#### [Task]
Every line below is to be copied exactly, with the pictures left out.

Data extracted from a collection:
-- Opening Marker --

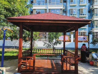 改造中,聘请专业人员对凉亭进行加固,重新刷油漆,并对破损的木质地板重新整修,焕然一新的凉亭提升了小区“颜值”,成了小区居民乘凉聊天、孩子嬉戏的好去处,邻里之间的交流也多了,凉亭已成为社区宜居环境的一道亮丽风景线。居民刘女士说:“这个废弃凉亭之前环境卫生状况较差,没想到经过改造变得这么美,瞬间给小区增加色彩。现在,我每天都会领着孩子过来坐坐,和邻里沟通也方便很多。”
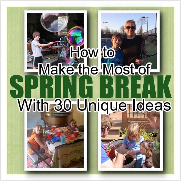 11. Do a unit study for a day. Homeschoolers are familiar with studying a subject from every angle (including literature, art, and field trips, for example). Take a day to study a subject of interest in depth. Here’s an example on snow–probably the last thing you want to study over spring break!
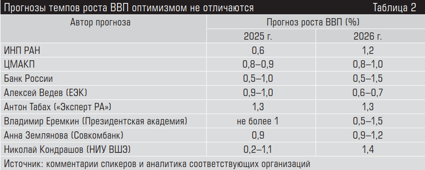 Если рисовать состояние экономики широкими мазками, то этот год проходит под знаком паузы — производственной и инвестиционной. Удержаться от рецессии удалось, но замедление продолжается. По прогнозам, в целом за 2025 год мы вполне можем выйти на рост ВВП, близкий к 0,9%, а в 2026-м — от 0,5 до 1,5%. Что важно, в прогнозы на будущий год заложено умеренное снижение ключевой ставки, и если ЦБ по какой-то причине будет тянуть с этим, то рост может быть и меньше.
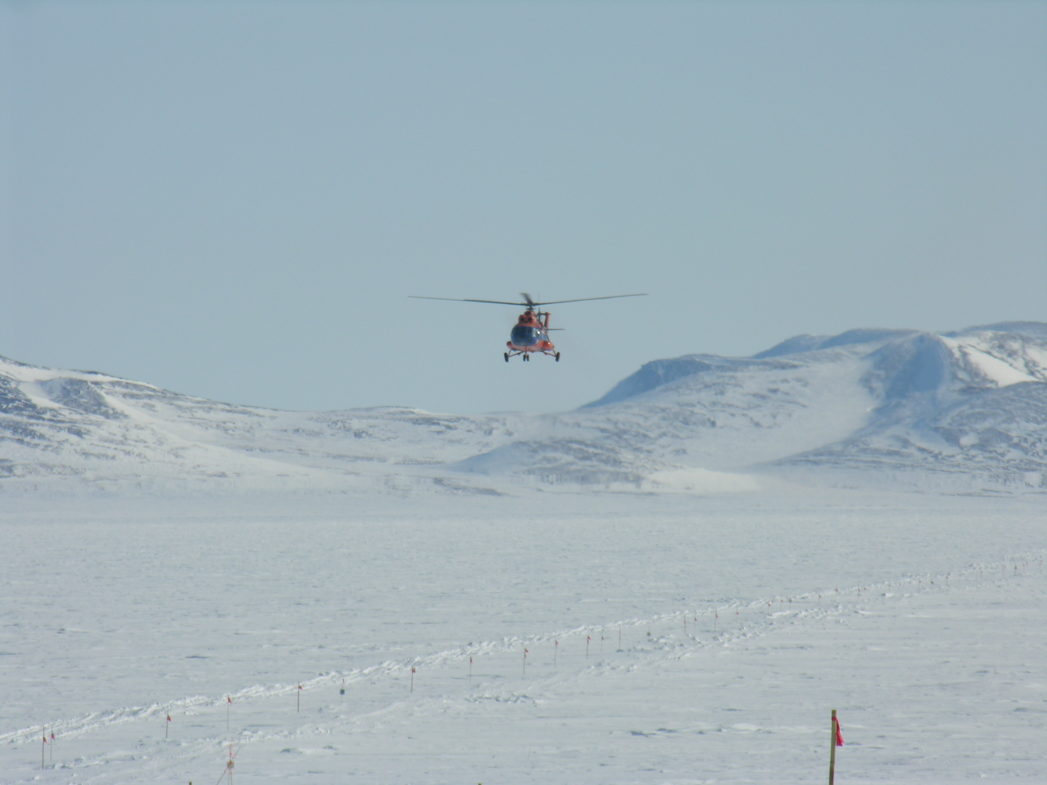 Arrival of the new DOSECC drillers on board the helicopter. Camp El'gygytgyn, Chukotka, Russia.
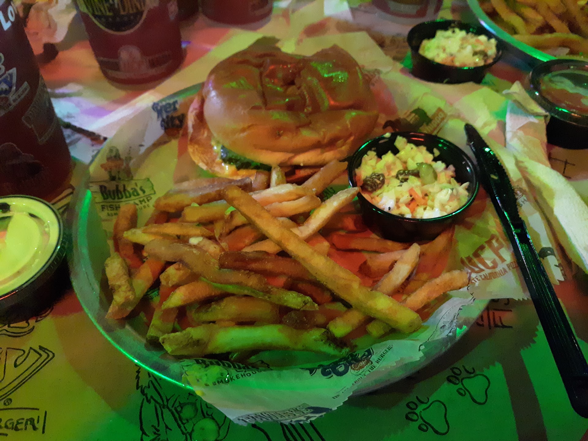 Read moreThis place used to be the main place for great hamburgers on the beach. They still allow you to write on the walls with sharpies . That is a nice feature of this establishment . For people vacationing here this place has a awesome location right along Ocean Boulevard. The management here seems like customers are the enemy when they are so busy. They get right hateful for no reason because they are so busy. The food quality just doesn't seem as good as it used to be. Just not as fresh tasting and not piping hot like it used to be. The burgers are still pretty decent size but the service seems like they have to instead of a want to out of the people running this place. Nobody likes to go to a place where they feel like they're doing you a favor. My wife had to help them at the bar make new plates for the hamburgers. They did not even offer Us free dessert or any kind of discount for helping them with their dishes. Everybody was not ready for the crowd. They ran out of tea they ran out of dishes. The food was not coming out of the kitchen that fast. And what's so funny is they already had a lot of the hamburgers cooked. Which I think is a No-No in a fresh hamburger place. I still say you're better off driving down the road a little bit and going to Logan's Steakhouse. They stay open late you don't have to wash or help them with the dishes. And you still get a good military discount or a local discount. And the hamburgers have much better meat quality. And the big Key to Logan's is they are charcoal grilled. A much better Beach hamburger....
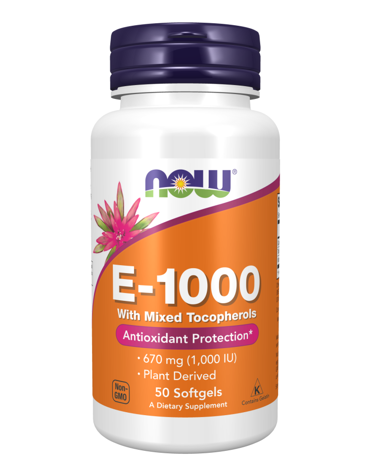Η βιταμίνη Ε αποτελεί μία ομάδα συστατικών που περιλαμβάνουν τις τοκοφερόλες και τις τοκοτριενόλες. To σκεύασμα Ε-1000 IU Mixed Tocopherols της NOW περιέχει ένα μίγμα α, β, γ και δ-τοκοφερόλης που συνιστούν μία φυσική μορφή βιταμίνης Ε με ισχυρή αντιοξειδωτική δράση.

-- Closing Marker --

#### [Problem solution]
 改造中,聘请专业人员对凉亭进行加固,重新刷油漆,并对破损的木质地板重新整修,焕然一新的凉亭提升了小区“颜值”,成了小区居民乘凉聊天、孩子嬉戏的好去处,邻里之间的交流也多了,凉亭已成为社区宜居环境的一道亮丽风景线。居民刘女士说:“这个废弃凉亭之前环境卫生状况较差,没想到经过改造变得这么美,瞬间给小区增加色彩。现在,我每天都会领着孩子过来坐坐,和邻里沟通也方便很多。”
 11. Do a unit study for a day. Homeschoolers are familiar with studying a subject from every angle (including literature, art, and field trips, for example). Take a day to study a subject of interest in depth. Here’s an example on snow–probably the last thing you want to study over spring break!
 Если рисовать состояние экономики широкими мазками, то этот год проходит под знаком паузы — производственной и инвестиционной. Удержаться от рецессии удалось, но замедление продолжается. По прогнозам, в целом за 2025 год мы вполне можем выйти на рост ВВП, близкий к 0,9%, а в 2026-м — от 0,5 до 1,5%. Что важно, в прогнозы на будущий год заложено умеренное снижение ключевой ставки, и если ЦБ по какой-то причине будет тянуть с этим, то рост может быть и меньше.
 Arrival of the new DOSECC drillers on board the helicopter. Camp El'gygytgyn, Chukotka, Russia.
 Read moreThis place used to be the main place for great hamburgers on the beach. They still allow you to write on the walls with sharpies . That is a nice feature of this establishment . For people vacationing here this place has a awesome location right along Ocean Boulevard. The management here seems like customers are the enemy when they are so busy. They get right hateful for no reason because they are so busy. The food quality just doesn't seem as good as it used to be. Just not as fresh tasting and not piping hot like it used to be. The burgers are still pretty decent size but the service seems like they have to instead of a want to out of the people running this place. Nobody likes to go to a place where they feel like they're doing you a favor. My wife had to help them at the bar make new plates for the hamburgers. They did not even offer Us free dessert or any kind of discount for helping them with their dishes. Everybody was not ready for the crowd. They ran out of tea they ran out of dishes. The food was not coming out of the kitchen that fast. And what's so funny is they already had a lot of the hamburgers cooked. Which I think is a No-No in a fresh hamburger place. I still say you're better off driving down the road a little bit and going to Logan's Steakhouse. They stay open late you don't have to wash or help them with the dishes. And you still get a good military discount or a local discount. And the hamburgers have much better meat quality. And the big Key to Logan's is they are charcoal grilled. A much better Beach hamburger....
Η βιταμίνη Ε αποτελεί μία ομάδα συστατικών που περιλαμβάνουν τις τοκοφερόλες και τις τοκοτριενόλες. To σκεύασμα Ε-1000 IU Mixed Tocopherols της NOW περιέχει ένα μίγμα α, β, γ και δ-τοκοφερόλης που συνιστούν μία φυσική μορφή βιταμίνης Ε με ισχυρή αντιοξειδωτική δράση.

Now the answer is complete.